This four-page letter of 1885 from Calista E. (Mrs. Charles G.) Larned of Kingman County, Kansas is written in response to a letter from her friend and women's suffrage leader Elizabeth Boynton Harbert of Illinois. Mrs. Larned writes from her Kingman County ranch of their mutual cause, of her hope to contribute to Harbert's pro-suffrage journal (The New Era), of the loss to fire and rebuilding of her husband's business at Wellington, of her solitude at their ranch, and of a recent alarm in their vicinity at the report of an imminent Native American attack, which proved unfounded.
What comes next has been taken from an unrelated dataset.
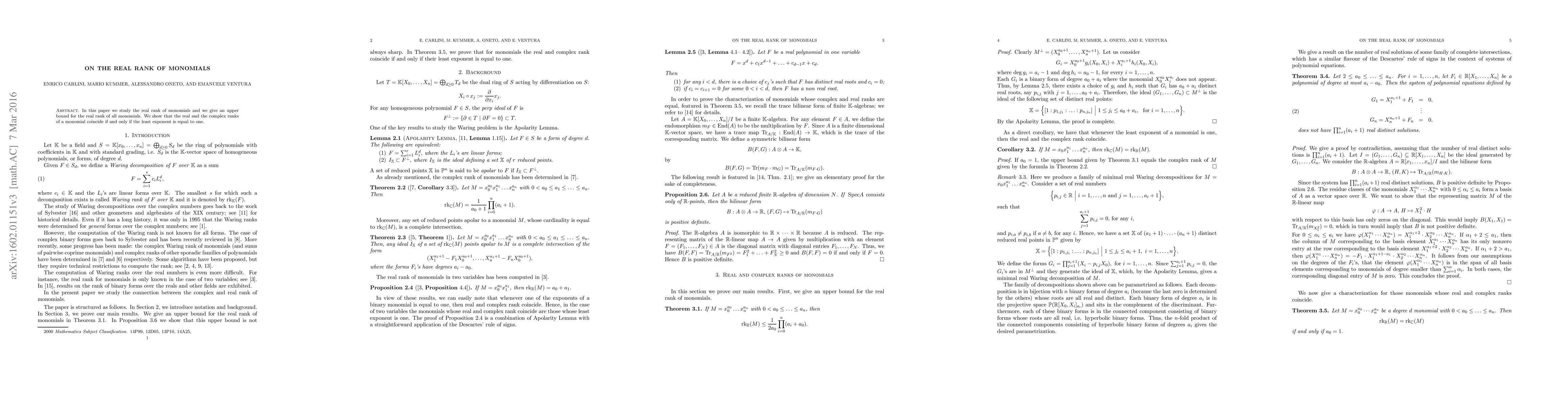 Summary: This paper investigates the real rank of monomials and establishes an upper bound for it. It concludes that the real and complex ranks of a monomial are the same if and only if the smallest exponent of the monomial is one.

The letter is written on business letterhead of "C. G. Larned & Co." at Wellington.

Dates

  • Creation: July 13, 1885

Creator

Conditions Governing Access

No access restrictions

Conditions Governing Use

Spencer Library staff may determine use restrictions dependent on the physical condition of manuscript materials.

Biography of Calista E. Larned

Calista E. (Blanchard) Larned was born at Whitingham, Vermont. In 1850, she married Charles G. Larned. For a number of years, the family lived in Illinois, where Calista was Champaign County's Superintendent of Schools from 1877 to 1881.

In 1879, her husband relocated to Kansas to extend his merchandising enterprises, founding the C. G. Larned & Company hardware business at Wellington, which he operated with their son-in-law Ferdinand A. Parsons. Mrs. Larned later joined her husband in Kansas, living on their ranch in the Valley Township of Kingman County, Kansas. She served as State Superintendent of Juvenile Work with the Woman's Christian Temperance Union of Kansas, continuing her active involvement in education, women's rights, and the Universalist Church. The Larned hardware company at Wellington was lost to fire in 1881 but was rebuilt.

Biography of Elizabeth Boynton Harbert (1845-1925)

Elizabeth (Boynton) Harbert was born in 1845 at Crawfordsville, Indiana. By the time of her marriage to William S. Harbert in 1870, she was a published novelist and active in Indiana's Women's Suffrage Association.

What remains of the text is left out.